Pardon my English. I wrote a slightly bland Portuguese text earlier, wishing the new government well because, no matter what happens, that’s what we should always hope after any election, but the more I find out, the worse it seems.
I’ve been to visit my daughter so I spent most of the day on a train, trying to work, all squished up between a window and some big geezer, so I had only really caught snatches of what happened. The first thing I looked at when I woke up said the Socialists were ahead, but that turned out to be bollocks. Well not bollocks, but it must have been a cached page from earlier in the night. More up-to-date sources said the Aliança Democrática had won by a super-narrow margin, but although I could see the percentages were all roughly in line with the polls, the big shock was how many deputados Chega picked up. I knew it was grim, but when I was finally off the train, I listened to a podcast that spelled it out in more detail and it’s bloody awful. They’re still only in third place, but they got 48 seats, about a quarter of the parliament.
The actual winner isn’t decided yet, because it’s not like a British election where you find out who has won basically straight away; some of the overseas votes haven’t been counted and the president will only name a prime minister after that. Luís Montenegro, the likely PM, has assured everyone he won’t cooperate with Chega, but… Well, it’s hard to see how he can keep that promise, since even with the IL on his side he is well short of a majority.
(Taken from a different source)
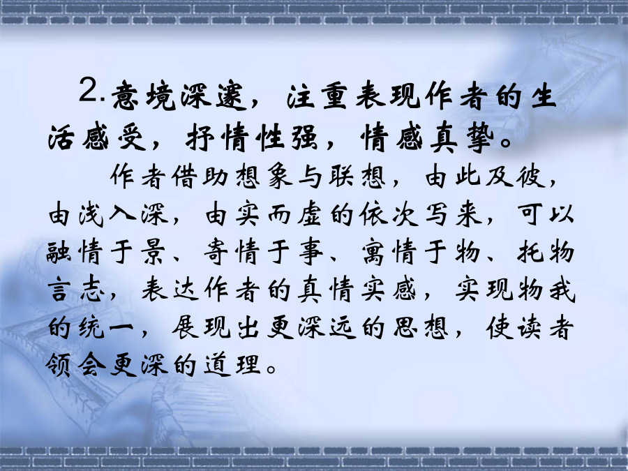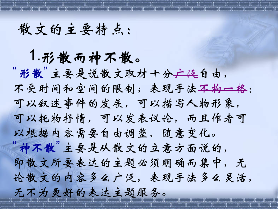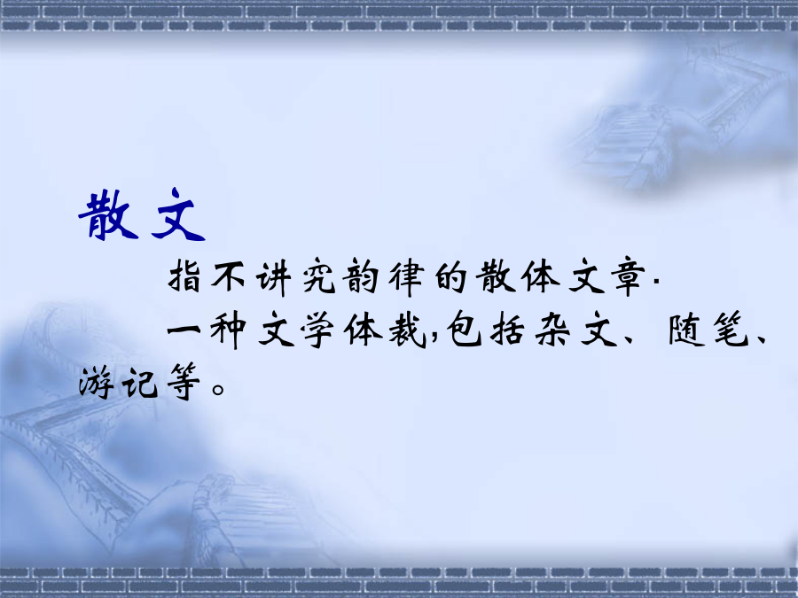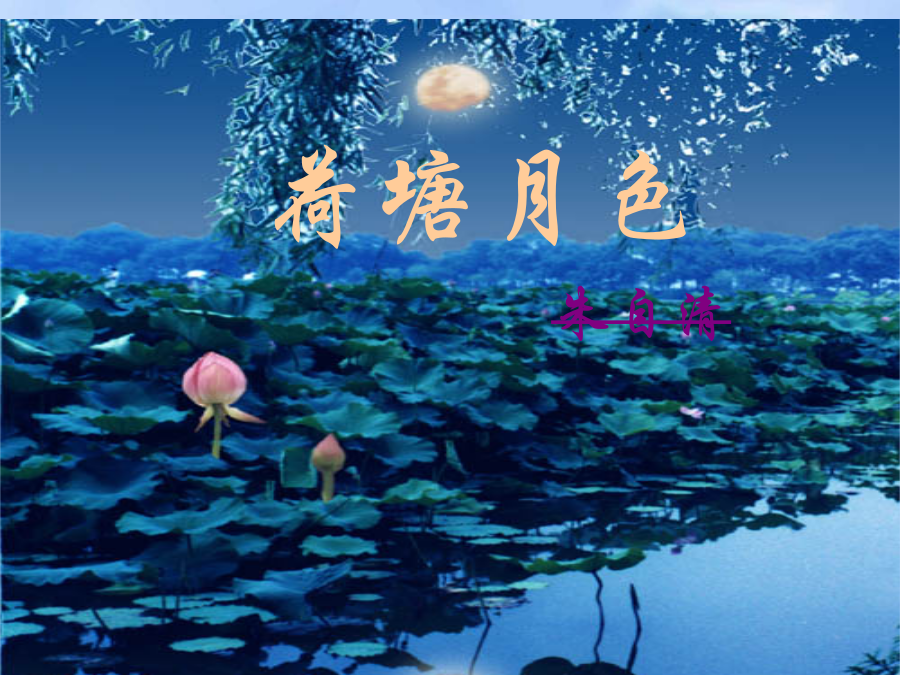 荷塘月色散文 指不讲究韵律的散体文章. 一种文学体裁,包括杂文、随笔、游记等。抒情散文 叙事散文 写景散文 哲理散文1.形散而神不散。 “形散”主要是说散文取材十分广泛自由,不受时间和空间的限制;表现手法不拘一格:可以叙述事件的发展,可以描写人物形象,可以托物抒情,可以发表议论,而且作者可以根据内容需要自由调整、随意变化。“神不散”主要是从散文的立意方面说的,即散文所要表达的主题必须明确而集中,无论散文的内容多么广泛,表现手法多么灵活,无不为更好的表达主题服务。2.意境深邃,注重表现作者的生活感受,抒情性强,情感真挚。 作者借助想象与联想,由此及彼,由浅入深,由实而虚的依次写来,可以融情于景、寄情于事、寓情于物、托物言志,表达作者的真情实感,实现物我的统一,展现出更深远的思想,使读者领会更深的道理。3.语言优美凝练,富于文采。 所谓优美,就是指散文的语言清新明丽,生动活泼,富于音乐感,行文如涓涓流水,叮咚有声,如娓娓而谈,情真意切。所谓凝练,是说散文的语言简洁质朴,自然流畅,寥寥数语就可以描绘出生动的形象,勾勒出动人的场景,显示出深远的意境。散文力求写景如在眼前,写情沁人心脾。散文的鉴赏技法2.读散文要抓住线索,理清作者思路,准确把握文章的立意。 结构是文章的骨架,线索是文章的脉络,二者是紧密联系的。抓住散文中的线索,便可对作品的思路了然于胸,不仅有助于理解作者的写作意图,而且也是对作者谋篇布局本领的鉴赏,从而透过散文的“形散”的表象抓住其传神的精髓,遵循作者的思路,分析文章的立意。4.抒情散文的写作技巧 也就是高考考点要求的“能鉴赏作品的表达技巧”。因此掌握诸如渲染、铺垫、象征、伏笔、照应、悬念等技巧有利于鉴赏散文,把握美文实质。关于荷花的诗文:晓出净慈寺送林子方 杨万里小池 杨万里朱自清,原名自华,字佩弦,号秋实,生于光绪二十四年十月初九(1898年11月22日),卒于1948年8月12日。原籍浙江绍兴。因三代人定居扬州,自己又毕业于当时设在扬州的江苏第八中学高中,且在扬州做过教师,故自称“扬州人”。他是诗人、散文家、学者,又是民主战士、爱国知识分子。毛泽东称他“表现了我们1920年毕业于北大后在江浙一带从事中学教育工作; 1924年出版诗文集《踪迹》 1928年出版散文集《背影》 搞战爆发后,在党抗日民主运动影响下,思想认识逐步提高。 1948年贫病中逝世 解题快速浏览课文,思考下列问题:1.本文写了作者的一次月下散步的经 历,作者为什么深更半夜的时候去月下散 步呢?用原文中的话回答.1927年4月12日,蒋介石发动反革命 政变,大肆屠杀共产党人,使国家人民 陷于水深火热之中。作为一个还没有掌 握马列主义的知识分子,作者既对现实 不满,又无法理解这样复杂的斗争形势,做不到投笔从戎,拿起枪来革命,于是“心里颇不宁静”,在夜深人静的时候忽然想到荷塘去,找一个幽静的环境平息自己心中的不平静。朱自清去月下散步的目的是什么?他找到宁静了吗? 我们首先看第三段“我也像超出了平常的自己,到了另一个世界里。”这个“另一个世界”指什么呢?从原文中找。 什么都可以想,什么都可以不想,便觉是个自由的人。白天里一定要做的事,一定要说的话,现在都可以不理。 作者在这里写得很超脱现实,这是作者内心渴望而现实达不到的,越是超脱,越是自由,便越是显出作者在现实中的苦闷。宁静过后他的心情又有怎样的变化?本文还有一条线索:课文中有哪些主要描写景色的语段: 认真阅读课文4—6段,看看作者着重以哪些景物来写荷塘,写月色,写荷塘四面的?拟人句修辞手法:通感月下荷塘(第七段) 由联想旧时江南采莲的情景 想到, 想到。 问:为什么作者忽然想起采莲的事情? 作者出其不意地将人们带到六朝时代采莲的热闹场景中,似乎古人生活在自由的天地中,是作者心驰神往的,宁静又到不宁静,深切微妙地反映出他“乐得暂时忘记”而又不能“忘记”的万分苦恼的心情。本文的语言具有哪些特点?动词流水“泻”的范围广,与“流水”相照应,而且有动态美,显得生动活泼。“照”的范围窄,不能与“流水”相照应,有点呆板,显得不灵泛。画叠词传神地描摹出眼前之景,同时有一种韵律美,渲染出雅而不俗的语言氛围。:”轻轻”、”悄悄”、“曲曲折折”、“田田”、“阴阴”等。小结1.下列加点字的注音完全正确的一项是() A.脉脉(mò)颤动(zhàn)乘凉(chéng)独处(chǔ)的妙处(chù) B.酣睡(hān)参差(cī)袅娜(nuó)蓊蓊郁郁(wěng) C.点缀(zhuì)倩影(qiàn)皱缬(xié)梵婀玲(fán) D.惦着(diàn)羞涩(sè)宛然(wǎn)踱着步(dù)2.指出下列句子修辞运用不同类的一项 [] A.突然是绿茸茸的草坂,像一支充满幽情的乐曲。 B.这一天,我像在一支雄伟而瑰丽的交

Likewise if the Socialists were to do a deal with the Bloco Esquerda, the Partido Comunista Putinista and Livre to form a sort of “Geringonça 2”, it wouldn’t secure 50% either. So Chega look like they hold a lot of power right now, like some sort of evil version of the Lib Dems in 2010. Ventura has been waving his dick around proclaiming victory, and everyone else is pretty depressed.
Part of the problem seems to have been that another, completely irrelevant right-wing party, the ADN, got a lot of votes intended for the AD, so they went from 11,000 votes to more like 100,000. This transfer of a huge block of votes away from the centre right caused the AD to lose a lot of marginal seats it would otherwise have won. Seen in this light, Montenegro’s decision to form the AD doesn’t seem so clever, doesn’t it? Gain 2 deputados from your new ally, lose christ-knows-how-many potential seats for your own party. What a master-stroke.
But it’s fair to say that even without that anomaly, any vote that sees a bunch of fart-sniffing yahoos like Chega gain one million votes should give us all pause.
I don’t really have anything intelligent to say about all this. Being an optimistic soul, I can imagine a way through all this that leads to a positive outcome, but the negative outcomes seem more likely, and I don’t know anything anyway, so if I waffle on, it is only going to create a lot of pointless noise.
Sigh.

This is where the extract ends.